• Requirement:
Repeat the lines of the data exactly and exclude any picture among them.

• Raw data:
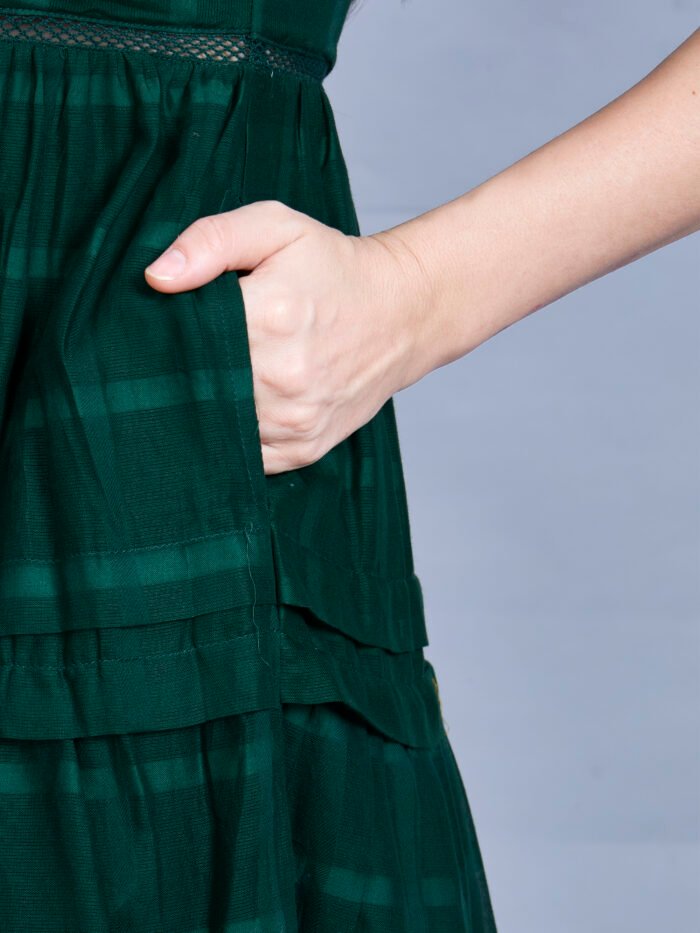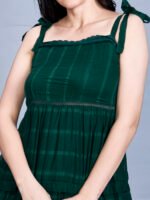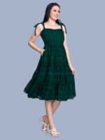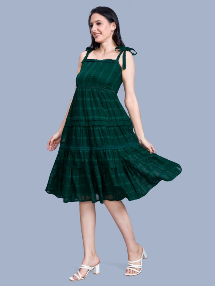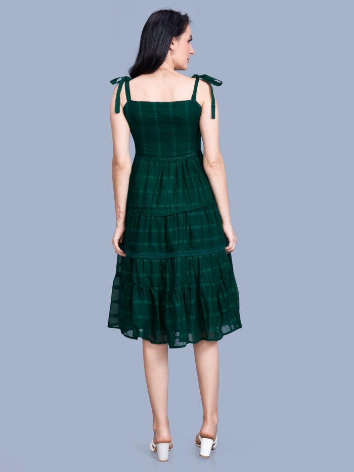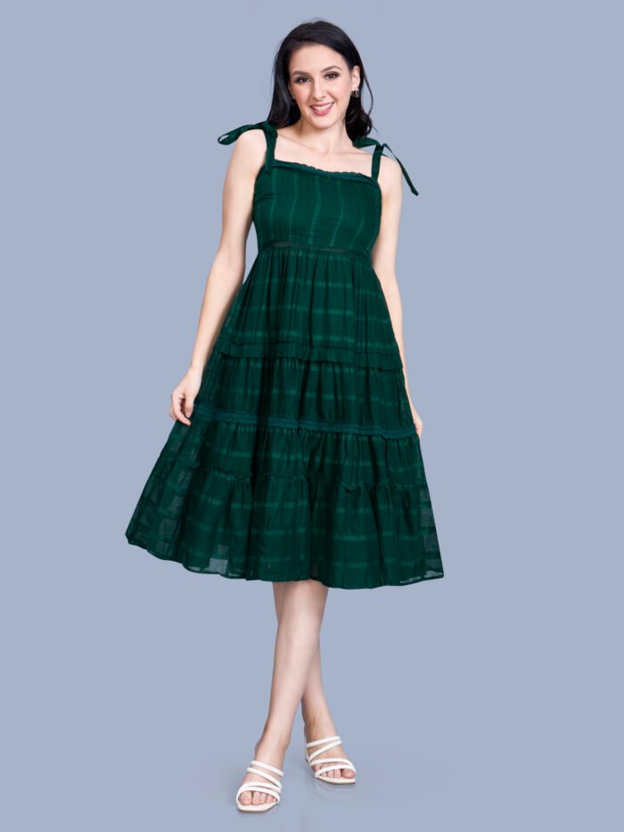 A flowy emerald green midi dress with tie-straps and tiered detailing, perfect for casual and semi-formal occasions.
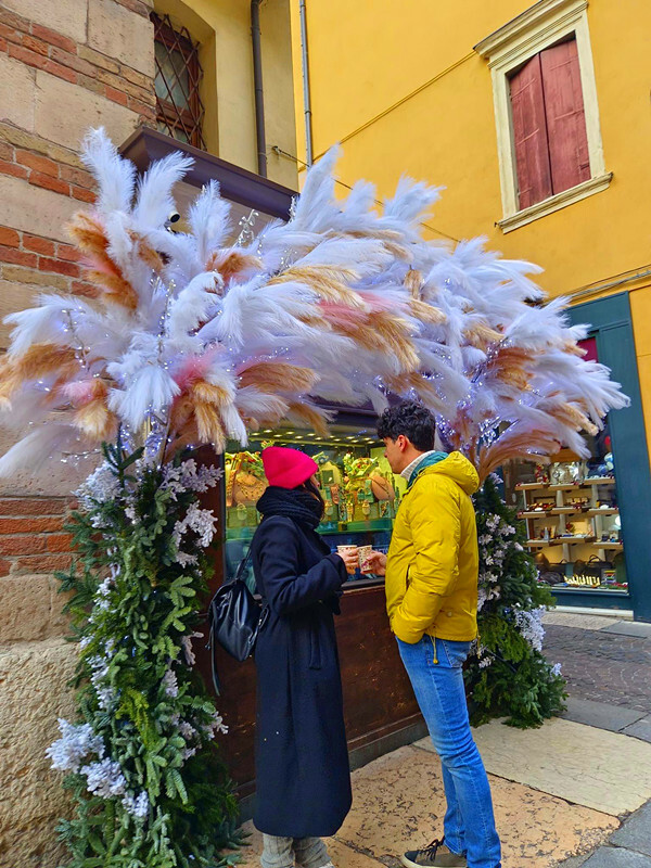 維羅納的圓形競技場旁邊還有一個熱鬧的聖誕市集,這個規模比米蘭的市集還要更大,攤位也更多
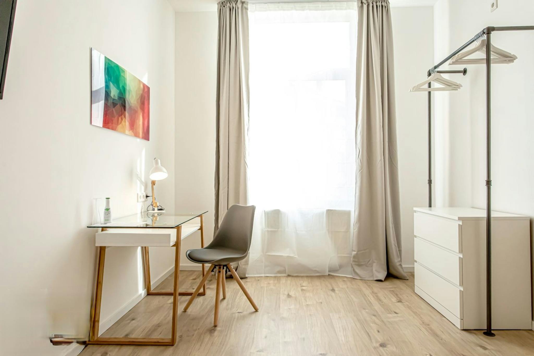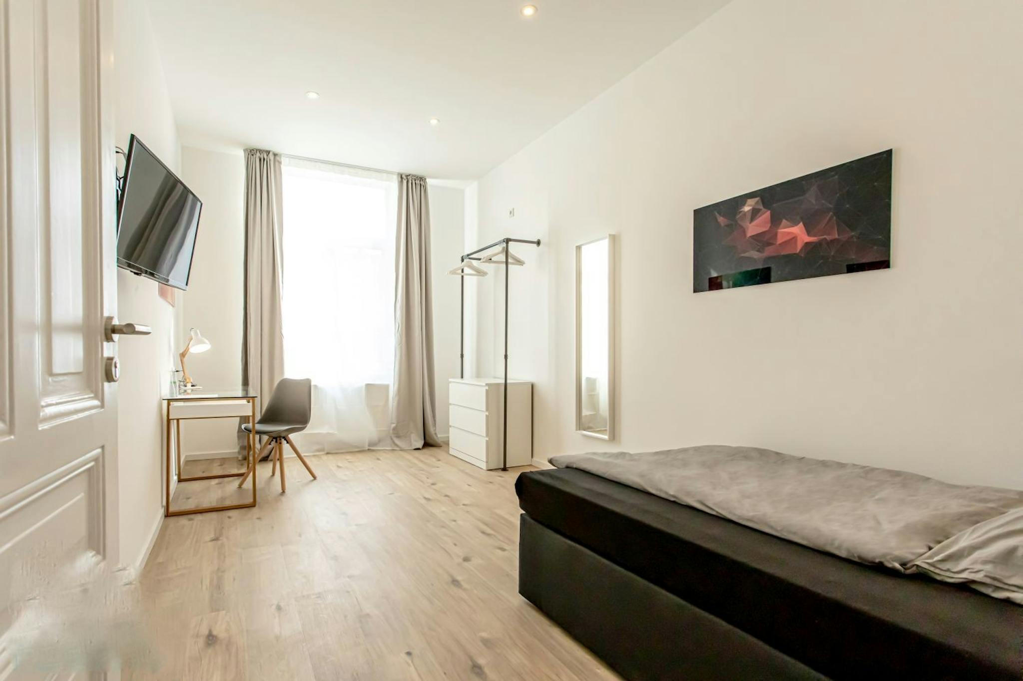 Die komplett möblierten Schlafzimmer verfügen über eine gehobene Ausstattung. Zur Ausstattung des Zimmers gehört ein 1,40m Boxspringbett, Kleiderschrank, Schreibtisch, Sessel, Spiegel, Fernseher und Wohnaccessoires. Kostenloses W-LAN in der gesamten Wohnung ist ebenfalls inklusive.

• Response:
 A flowy emerald green midi dress with tie-straps and tiered detailing, perfect for casual and semi-formal occasions.
 維羅納的圓形競技場旁邊還有一個熱鬧的聖誕市集,這個規模比米蘭的市集還要更大,攤位也更多
 Die komplett möblierten Schlafzimmer verfügen über eine gehobene Ausstattung. Zur Ausstattung des Zimmers gehört ein 1,40m Boxspringbett, Kleiderschrank, Schreibtisch, Sessel, Spiegel, Fernseher und Wohnaccessoires. Kostenloses W-LAN in der gesamten Wohnung ist ebenfalls inklusive.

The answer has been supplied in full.